Monday, January 05, 2015

Self-Forgiveness and Liberation From the Past - #2 - Why Self-forgiveness Is Hard

Monroe County sunrise
In my first post from Everett Worthington's book Moving Forward I looked at the benefits of self-forgiveness. Now I'll consider what makes forgiving ourselves so difficult.

Worthington says there are two kinds of self-forgiveness: decisional self-forgiveness, and emotional self-forgiveness. In the first you will no longer seek retaliation against yourself. You will choose to not punish yourself for past failings. Instead, you choose to value yourself. In emotional self-forgiveness you replace negative, unforgiving emotions with positive emotions toward yourself. "It is emotional self-forgiveness that cools the heat of anger in your heart; it’s what Corrie ten Boom referred to as “the temperature of the heart .” The emotions that we use to replace negative, unforgiving emotions are empathy, sympathy, compassion, and love for ourselves." (Worthington, p. 52) Why are these things so difficult to do?

Worthington cites studies showing that forgiving yourself is different from forgiving others. It is harder to forgive yourself than to forgive others. Worthington writes:

"When you attempt to forgive someone else for an offense, you are adopting the viewpoint of the forgiver. The wrongdoer, of course, is someone other than yourself. However, when you try to forgive yourself, you have to operate from two points of view— both forgiver and wrongdoer. Holding contrasting points of view at the same time is a strain. It is hard to bounce back and forth from one perspective to the other." (Ib., p. 54)

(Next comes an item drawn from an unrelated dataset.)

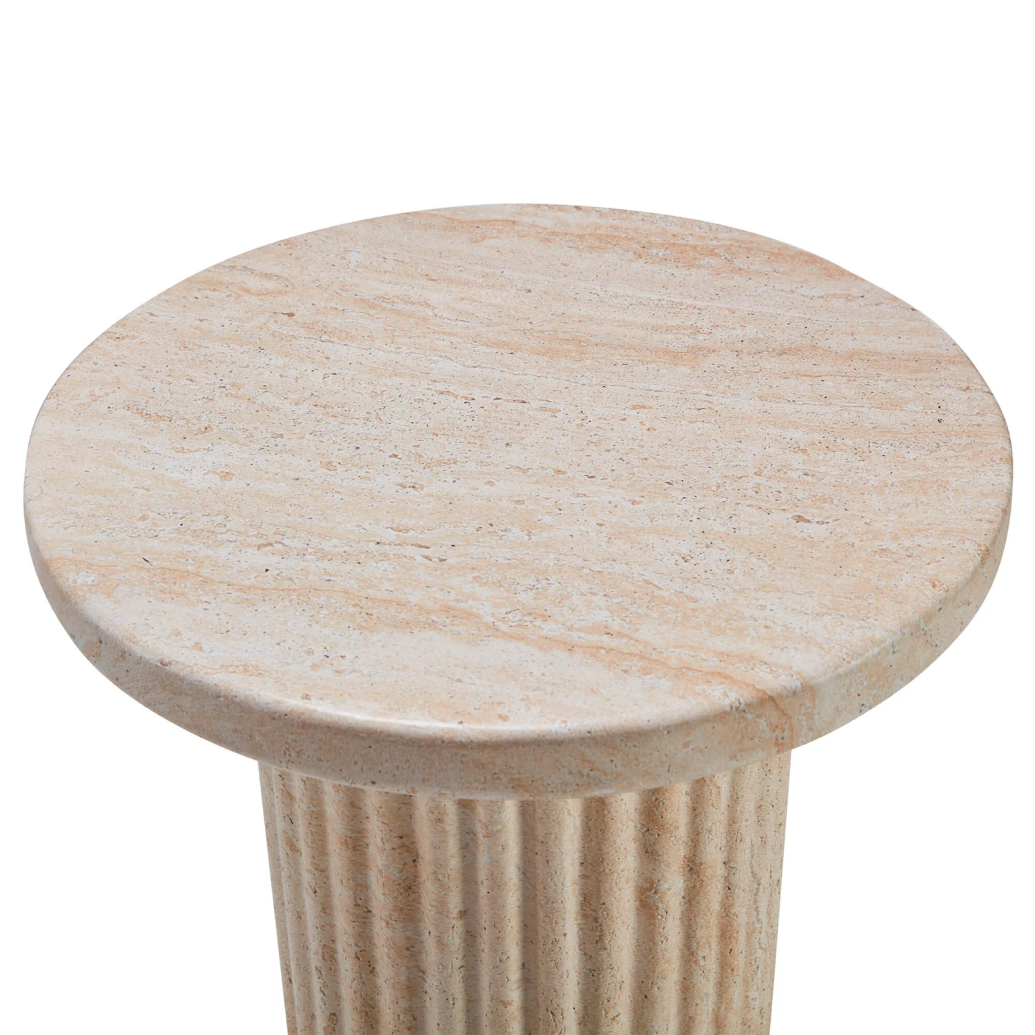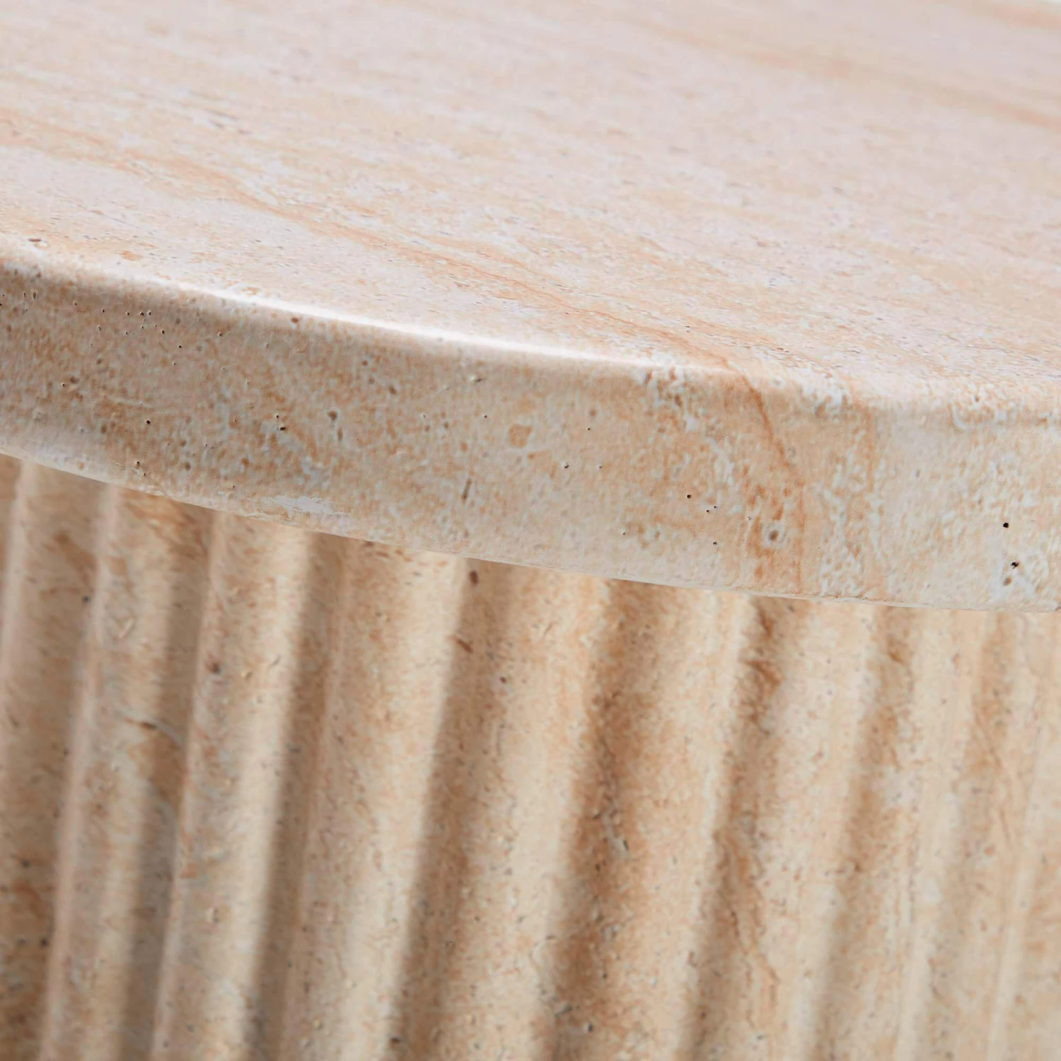 A wonderful concrete side table with a bold column base that has a wrap-around reeded design. The reeded effect that wraps around the middle has a stunning travertine effect finish that adds visual intrigue to the piece. With a soft, complimenting table top. The faux travertine coating provides the table with a distinct style and also helps create a protective coating.

In forgiving someone else we are not with them (for the most part) 24/7. But we are with our own selves  and thoughts all the time. We can't get away from ourselves. This can make forgiving ourselves harder than forgiving others.

Worthington says self-forgiveness is harder because we have "insider information"; i.e., we have information about who we really are. "The fact is, we know too much about ourselves. We know that we are capable of repeating the same wrong even when we know how hurtful it is. We also know that, as much as we profess love for God, we are like Paul who wrote: “I do not understand what I do. For what I want to do I do not do, but what I hate I do” (Romans 7: 15). That is, we know the weakness of our will to do the right thing." (Ib., 55)

Self-forgiveness is different and in some ways harder than other-forgiveness because:

1. We live with ourselves 24/7. That is, we live constantly with the one who has hurt us, which is us.

2. We have insider information about our own self that we cannot have when it comes to others.